Excepto por la nueva colcha y cojines sobre la cama con somier y cabecero azul cielo, todo sigue tal como lo dejé. Los mismos viejos pósteres en el único hueco de pared que no pinté, el corcho con fotos, los DVD alineados en la estantería y hasta las cosas sobre mi escritorio. Tanto tiempo... y todo sigue ahí como siempre.

Si el lugar sigue igual y yo también, ¿entonces qué ha cambiado?

¿Es solo porque ya no soy una niña? ¿Es simplemente algo inevitable al crecer? Cómo volver a ver las películas que tanto te gustaban en tu infancia y que te aburran.

O tal vez solo estoy buscando un significado profundo al hecho de que no quiero estar aquí.

Antes era feliz de venir a este lugar, pero ya no. Es la manera en que me siento. ¿Qué justificación necesito?

Reviso la batería de mi móvil y, al ver que está al sesenta por ciento, dejo mi equipaje y salgo de la habitación. Desde la escalera escucho sus voces y no puedo evitar soltar un suspiro.
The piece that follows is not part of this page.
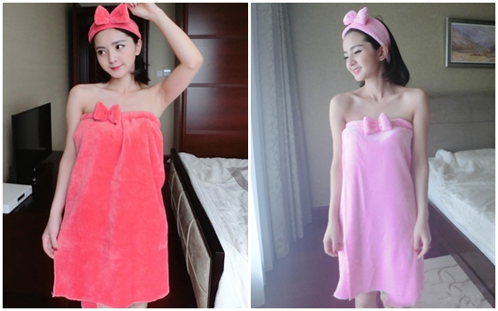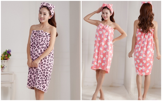 搭配小提示:沐浴過後穿上浴裙無需拭擦身上的水滴,浴裙接觸的地方水滴很快就乾了,真的很方便哦,還可以穿著浴裙睡覺呢。

Odio fingir, pero no quiero pasar todo el mes sintiéndome incómoda, así que me veo en la irritante posición de tener que buscar un equilibrio entre ser educada y no sentir que merezco un Óscar.

En cuanto pongo un pie en la cocina, mi abuela se gira hacia mí con una gran sonrisa.

—¡Tayri, cariño, qué grande estás!

Cuando se acerca y me abraza, trato de no ponerme rígida, pero tampoco soy capaz de devolvérselo, así que me limito a sonreír cuando me suelta.

—¿Tienes hambre? —pregunta, agarrándome de la mano para llevarme a la mesa, donde la comida ya está servida—. Hice tu mojo favorito.